GPS navigational devices are as ubiquitous as cell phones, freely used by commercial and government users alike to determine location, time, and velocity. These tools, however, are only as good as the signals they receive. Now, NASA engineers have found a way to improve the reception of those signals.
GPS, which stands for the Global Positioning System, is a satellite-based navigation system made up of a network of 24 satellites placed into orbit by the U.S. Department of Defense. GPS originally was intended for military uses, but in the 1980s, the government made the system available for civilian use. GPS systems now are available to users worldwide who need accurate positioning, navigation, and timing services.
Thanks to a team of engineers from the NASA Goddard Space Flight Center in Greenbelt, Md., spacecraft operating in weak-signal areas — such as geosynchronous orbits where communications and weather satellites typically operate — will be able to acquire and track the weak GPS signals to determine their locations, much like motorists who use GPS to determine where they are. For their work developing the Navigator GPS receiver, the Goddard team was nominated for the coveted NASA "Invention of the Year" award, a prize reserved for NASA employees who have secured patents for their inventions. An announcement is expected shortly.

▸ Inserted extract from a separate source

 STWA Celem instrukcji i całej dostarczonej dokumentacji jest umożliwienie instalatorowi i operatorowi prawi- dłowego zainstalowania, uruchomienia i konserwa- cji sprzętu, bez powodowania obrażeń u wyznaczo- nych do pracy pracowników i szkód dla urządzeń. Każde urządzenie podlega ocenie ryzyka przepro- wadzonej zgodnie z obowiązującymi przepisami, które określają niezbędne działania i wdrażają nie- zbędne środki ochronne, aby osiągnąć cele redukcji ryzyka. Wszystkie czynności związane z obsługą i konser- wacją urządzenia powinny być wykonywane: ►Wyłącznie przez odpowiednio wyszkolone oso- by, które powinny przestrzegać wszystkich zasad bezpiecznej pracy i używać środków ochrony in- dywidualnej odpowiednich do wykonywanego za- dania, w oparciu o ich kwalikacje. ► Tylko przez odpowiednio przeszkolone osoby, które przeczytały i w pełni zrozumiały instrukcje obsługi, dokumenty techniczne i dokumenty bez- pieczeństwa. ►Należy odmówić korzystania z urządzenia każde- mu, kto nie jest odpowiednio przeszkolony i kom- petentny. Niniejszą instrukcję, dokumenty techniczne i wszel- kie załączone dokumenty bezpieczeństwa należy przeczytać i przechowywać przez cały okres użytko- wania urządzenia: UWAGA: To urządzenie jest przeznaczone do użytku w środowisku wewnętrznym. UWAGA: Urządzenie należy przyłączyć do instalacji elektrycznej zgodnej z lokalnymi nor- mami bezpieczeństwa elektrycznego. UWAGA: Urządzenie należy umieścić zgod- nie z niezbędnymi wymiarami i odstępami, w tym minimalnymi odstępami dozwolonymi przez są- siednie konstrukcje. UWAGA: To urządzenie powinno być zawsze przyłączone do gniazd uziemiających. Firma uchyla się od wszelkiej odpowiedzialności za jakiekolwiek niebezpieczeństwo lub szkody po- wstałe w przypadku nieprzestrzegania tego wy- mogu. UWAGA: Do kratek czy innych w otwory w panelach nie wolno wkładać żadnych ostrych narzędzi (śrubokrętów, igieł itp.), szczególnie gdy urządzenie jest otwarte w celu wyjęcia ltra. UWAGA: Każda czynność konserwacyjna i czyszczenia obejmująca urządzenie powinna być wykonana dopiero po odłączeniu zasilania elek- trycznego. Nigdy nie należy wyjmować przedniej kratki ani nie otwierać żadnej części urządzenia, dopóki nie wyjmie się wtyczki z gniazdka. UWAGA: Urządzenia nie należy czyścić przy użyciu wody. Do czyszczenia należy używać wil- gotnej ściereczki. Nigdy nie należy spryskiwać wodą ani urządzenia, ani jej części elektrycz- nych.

Although millions of people rely on GPS receivers today for terrestrial applications, onboard GPS navigation for spaceflight operations has been much more challenging — particularly for spacecraft operating above the GPS constellation, which is about 20,200 kilometers (12,727 miles) above Earth in an area normally referred to as high-Earth orbit. That is because existing GPS receivers could not adequately pick up the GPS signal, which is transmitted toward Earth, not away from it. As a result, spacecraft above the constellation could not reliably use GPS for tracking and navigational purposes, forcing them to use more expensive ground-tracking assets.
Seeing an opportunity to help lower mission costs, the Navigator team, led by Goddard engineer Luke Winternitz, used Research and Development (R&D) funding to develop algorithms and hardware for a prototype spacecraft GPS receiver that would allow spacecraft to acquire and track weak GPS signals at an altitude of 100,000 km (62,137 miles) — well above the GPS constellation, roughly one quarter of the distance to the moon.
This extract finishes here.